HTML cleaner?

Mon Apr 25 04:25:44 EDT 2005

I *just* wrote something that does this. It uses the htmldata module -
you can find that using pypi.  It only allows a specific set of html
tags and attempts to close tags not closed. :

from htmldata import tagextract, tagjoin
allowed_tags = ['br', 'b', 'strong', 'em', 'i', 'u', 'tt', 'a', 'big',
'small',
               'h2', 'h3', 'h4', 'strike', 'sub', 'sup', 'samp', 's',
'code', 'ins',
               'br/',
               ]
def htmlfilter(intext, allowed_tags=allowed_tags):
   """Given a text entry as input, check it only contains allowed html.

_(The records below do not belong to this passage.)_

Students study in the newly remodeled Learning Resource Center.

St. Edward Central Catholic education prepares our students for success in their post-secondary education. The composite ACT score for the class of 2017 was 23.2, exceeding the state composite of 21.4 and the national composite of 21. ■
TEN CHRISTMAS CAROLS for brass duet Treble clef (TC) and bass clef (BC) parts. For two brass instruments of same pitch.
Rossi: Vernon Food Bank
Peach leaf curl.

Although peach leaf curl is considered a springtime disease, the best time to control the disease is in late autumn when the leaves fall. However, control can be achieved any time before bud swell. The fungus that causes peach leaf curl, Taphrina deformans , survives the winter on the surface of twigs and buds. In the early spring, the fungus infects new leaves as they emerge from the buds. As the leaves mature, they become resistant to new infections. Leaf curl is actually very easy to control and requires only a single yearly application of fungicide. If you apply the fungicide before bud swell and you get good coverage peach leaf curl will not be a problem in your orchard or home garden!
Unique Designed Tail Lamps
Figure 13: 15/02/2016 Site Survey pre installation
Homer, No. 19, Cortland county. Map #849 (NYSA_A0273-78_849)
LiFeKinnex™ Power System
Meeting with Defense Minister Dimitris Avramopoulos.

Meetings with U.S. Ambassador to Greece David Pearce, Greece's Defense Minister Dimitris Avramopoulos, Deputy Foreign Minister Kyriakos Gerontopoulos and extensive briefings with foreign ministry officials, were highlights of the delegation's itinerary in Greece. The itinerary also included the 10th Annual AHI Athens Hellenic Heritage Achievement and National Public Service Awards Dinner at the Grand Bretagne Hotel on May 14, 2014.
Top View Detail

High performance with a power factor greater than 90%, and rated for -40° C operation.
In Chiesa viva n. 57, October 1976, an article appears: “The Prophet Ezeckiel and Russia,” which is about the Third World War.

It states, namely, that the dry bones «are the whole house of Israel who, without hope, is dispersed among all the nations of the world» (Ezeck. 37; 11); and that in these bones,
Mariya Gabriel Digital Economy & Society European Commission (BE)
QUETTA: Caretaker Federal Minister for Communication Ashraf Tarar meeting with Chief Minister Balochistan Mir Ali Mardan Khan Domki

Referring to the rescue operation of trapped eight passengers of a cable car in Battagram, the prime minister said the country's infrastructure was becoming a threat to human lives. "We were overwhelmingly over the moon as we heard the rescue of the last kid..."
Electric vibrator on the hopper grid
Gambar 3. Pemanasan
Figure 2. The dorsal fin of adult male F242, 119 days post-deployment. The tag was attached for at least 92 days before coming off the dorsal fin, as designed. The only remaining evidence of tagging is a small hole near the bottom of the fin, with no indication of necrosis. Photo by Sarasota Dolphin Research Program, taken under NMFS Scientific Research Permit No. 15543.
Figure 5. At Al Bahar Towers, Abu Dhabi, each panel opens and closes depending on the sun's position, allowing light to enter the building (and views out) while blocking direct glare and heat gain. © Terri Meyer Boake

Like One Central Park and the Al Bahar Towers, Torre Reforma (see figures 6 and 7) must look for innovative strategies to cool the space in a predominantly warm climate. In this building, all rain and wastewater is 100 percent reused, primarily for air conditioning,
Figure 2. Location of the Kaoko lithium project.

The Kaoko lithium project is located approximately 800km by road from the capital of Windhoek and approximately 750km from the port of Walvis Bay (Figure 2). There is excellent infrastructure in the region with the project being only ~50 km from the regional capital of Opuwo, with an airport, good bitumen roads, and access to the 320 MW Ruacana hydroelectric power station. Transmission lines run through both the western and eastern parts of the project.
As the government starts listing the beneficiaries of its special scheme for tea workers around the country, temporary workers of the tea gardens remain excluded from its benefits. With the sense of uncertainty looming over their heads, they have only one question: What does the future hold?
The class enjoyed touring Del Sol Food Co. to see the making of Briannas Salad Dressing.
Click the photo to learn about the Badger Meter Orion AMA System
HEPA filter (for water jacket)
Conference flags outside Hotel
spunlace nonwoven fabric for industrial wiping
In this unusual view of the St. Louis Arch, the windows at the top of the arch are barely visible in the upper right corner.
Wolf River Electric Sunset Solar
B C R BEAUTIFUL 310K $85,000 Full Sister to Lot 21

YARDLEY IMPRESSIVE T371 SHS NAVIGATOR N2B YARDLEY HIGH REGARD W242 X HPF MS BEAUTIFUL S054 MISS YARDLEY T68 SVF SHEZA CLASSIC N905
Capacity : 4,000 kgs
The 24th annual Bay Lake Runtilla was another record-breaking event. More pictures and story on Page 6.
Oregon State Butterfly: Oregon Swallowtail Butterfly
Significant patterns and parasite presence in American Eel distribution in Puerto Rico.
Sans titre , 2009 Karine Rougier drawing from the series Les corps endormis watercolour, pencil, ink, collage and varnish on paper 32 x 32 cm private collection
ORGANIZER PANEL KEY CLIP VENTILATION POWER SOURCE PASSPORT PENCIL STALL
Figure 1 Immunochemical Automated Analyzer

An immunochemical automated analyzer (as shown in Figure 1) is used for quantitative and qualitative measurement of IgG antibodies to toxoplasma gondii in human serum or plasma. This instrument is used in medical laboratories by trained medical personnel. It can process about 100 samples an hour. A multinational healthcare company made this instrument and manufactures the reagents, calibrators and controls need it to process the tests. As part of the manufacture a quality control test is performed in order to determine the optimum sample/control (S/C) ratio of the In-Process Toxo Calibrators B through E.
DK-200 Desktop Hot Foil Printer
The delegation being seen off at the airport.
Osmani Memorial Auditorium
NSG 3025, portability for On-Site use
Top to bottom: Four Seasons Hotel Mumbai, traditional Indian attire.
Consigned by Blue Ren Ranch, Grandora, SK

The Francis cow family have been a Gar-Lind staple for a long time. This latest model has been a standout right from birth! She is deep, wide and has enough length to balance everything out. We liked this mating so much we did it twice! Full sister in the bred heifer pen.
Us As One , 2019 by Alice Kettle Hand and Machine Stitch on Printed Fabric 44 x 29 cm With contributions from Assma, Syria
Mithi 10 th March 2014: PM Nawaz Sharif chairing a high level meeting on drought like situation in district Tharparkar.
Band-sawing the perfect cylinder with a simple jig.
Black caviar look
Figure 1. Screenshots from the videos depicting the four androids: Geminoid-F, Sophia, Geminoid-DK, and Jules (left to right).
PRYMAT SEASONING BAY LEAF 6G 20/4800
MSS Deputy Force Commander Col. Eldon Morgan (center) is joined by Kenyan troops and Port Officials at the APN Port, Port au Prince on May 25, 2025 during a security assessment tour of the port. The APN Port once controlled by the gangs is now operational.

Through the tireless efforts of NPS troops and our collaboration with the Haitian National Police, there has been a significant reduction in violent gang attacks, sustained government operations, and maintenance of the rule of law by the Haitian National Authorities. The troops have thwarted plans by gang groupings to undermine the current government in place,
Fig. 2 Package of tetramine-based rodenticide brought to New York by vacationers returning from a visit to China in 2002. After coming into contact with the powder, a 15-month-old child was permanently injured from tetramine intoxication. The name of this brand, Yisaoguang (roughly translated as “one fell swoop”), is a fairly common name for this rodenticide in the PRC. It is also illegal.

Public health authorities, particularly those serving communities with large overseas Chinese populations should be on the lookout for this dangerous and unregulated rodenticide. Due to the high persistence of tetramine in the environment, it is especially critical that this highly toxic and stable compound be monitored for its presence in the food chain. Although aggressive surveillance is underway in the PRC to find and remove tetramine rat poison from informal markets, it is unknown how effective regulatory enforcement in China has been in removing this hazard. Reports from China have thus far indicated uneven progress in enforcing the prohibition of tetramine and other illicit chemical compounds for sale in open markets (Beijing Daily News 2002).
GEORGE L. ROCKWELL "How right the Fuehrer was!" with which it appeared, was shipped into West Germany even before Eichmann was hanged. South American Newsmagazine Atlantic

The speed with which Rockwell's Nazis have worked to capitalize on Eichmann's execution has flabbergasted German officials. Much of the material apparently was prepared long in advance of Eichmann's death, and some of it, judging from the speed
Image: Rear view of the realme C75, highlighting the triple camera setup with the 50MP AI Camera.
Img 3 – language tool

   It returns the text with banned html removed.
   Uses two functiosn from htmldata :
       from htmldata import tagextract, tagjoin
   allowed_tags is the list of tags that are allowed.
   """
   html = tagextract(intext)   #
   out_html = []
   skip = None
   unclosed = []
   for entry in html:
       if isinstance(entry, basestring):
           if skip is not None:
               continue
           out_html.append(entry)
       else:
           tag = entry[0]
           if skip is not None:
               if tag.startswith('/') and tag[1:] == skip:
                   skip = None
               continue
           otag = tag
           if tag.startswith('/'):
               otag = tag[1:]
           if otag in allowed_tags:
               if tag.startswith('/'):
                   if otag in unclosed:
                      unlclosed.remove(otag)
                   else:   # bad html
                       continue
               elif tag not in ['br', '/br', 'hr', '/hr', 'img',
'/img']:      #  XXXX hardwired - what if we need to add to this ?
                   unclosed.append(tag)
               out_html.append(entry)
               continue
           if not tag.startswith('/'):
               skip = tag
   for tag in unclosed:
       out_html.append(('/%s' % (tag,), {}))   # close any unclosed
tags
   return tagjoin(out_html)

###############

I've used it to allow a few html tags to appear in my guestbook
entries. It's not very sophisticated because complex tags like 'div'
and tables aren't allowed.

Best regards,

Fuzzy
http://www.voidspace.org.uk/python